SciPost Phys. Core 8, 061 (2025) · published 29 September 2025

Abstract

In a growing list of insulators, experiments find that magnetic field induces a misalignment between the heat flux and the thermal gradient vectors. This phenomenon, known as the phonon thermal Hall effect, implies energy flow without entropy production along the orientation perpendicular to the temperature gradient. The experimentally-measured thermal Hall angle in various insulators does not exceed a bound and becomes maximal at the temperature of peak longitudinal thermal conductivity. The present paper aims to propose a scenario providing and explanation for these two experimental facts.

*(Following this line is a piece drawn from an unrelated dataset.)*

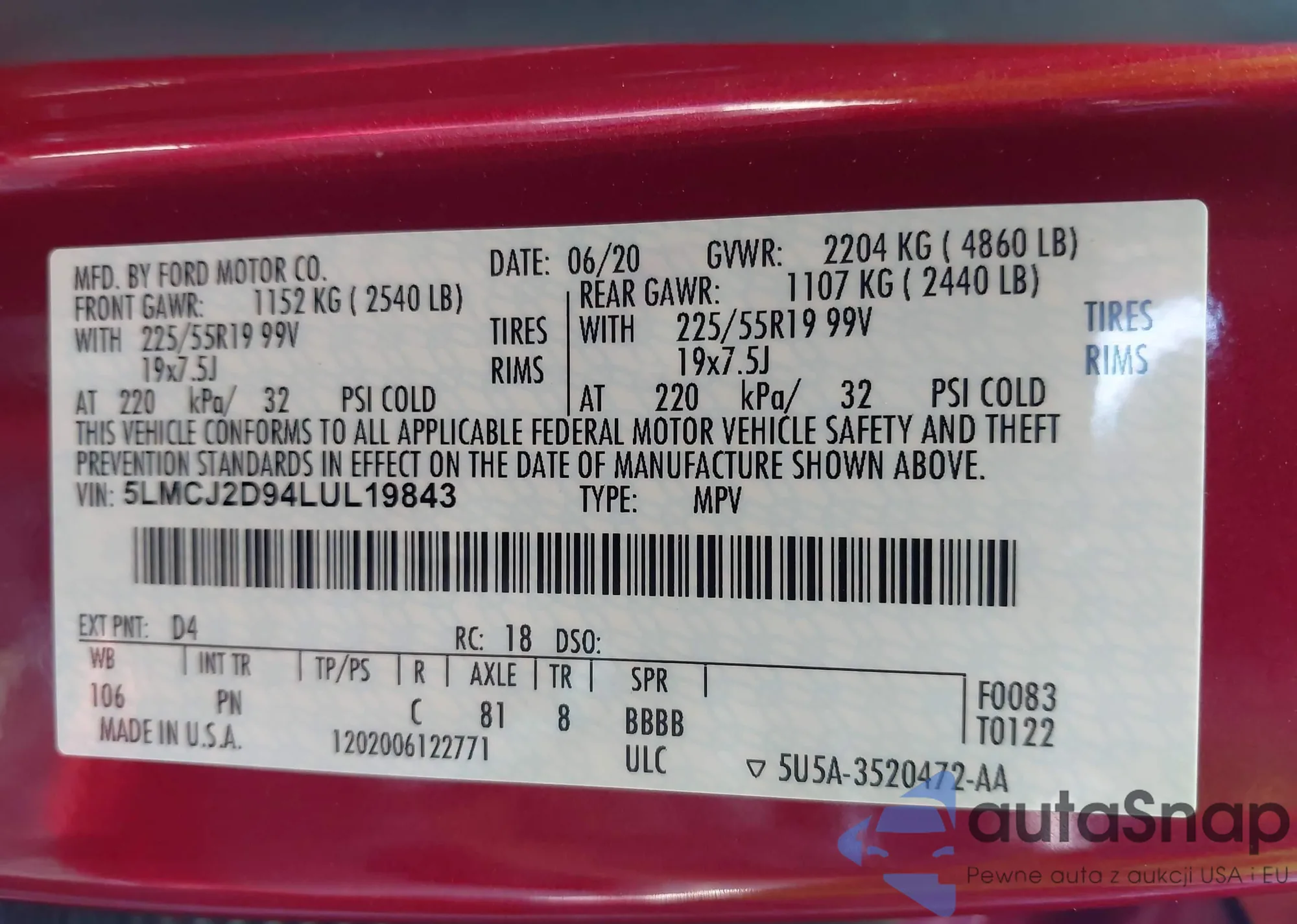 LOT: 43333550 VIN: 5LMCJ2D94LUL19843

It begins by noticing that at this temperature, $T_{max}$, Normal phonon-phonon collisions become most frequent in comparison with Umklapp and boundary scattering events. Furthermore, the Born-Oppenheimer approximated molecular wave functions are known to acquire a phase in the presence of a magnetic field. In an anharmonic crystal, in which tensile and compressive strain do not cancel out, this field-induced atomic phase gives rise to a phonon Berry phase and generates phonon-phonon interference. The rough amplitude of the thermal Hall angle expected in this picture is set by the phonon wavelength, $\lambda_{ph}$, and the crest atomic displacement, $\delta u_m$ at $T_{max}$. The derived expression is surprisingly close to what has been experimentally found in black phosphorus, germanium and silicon.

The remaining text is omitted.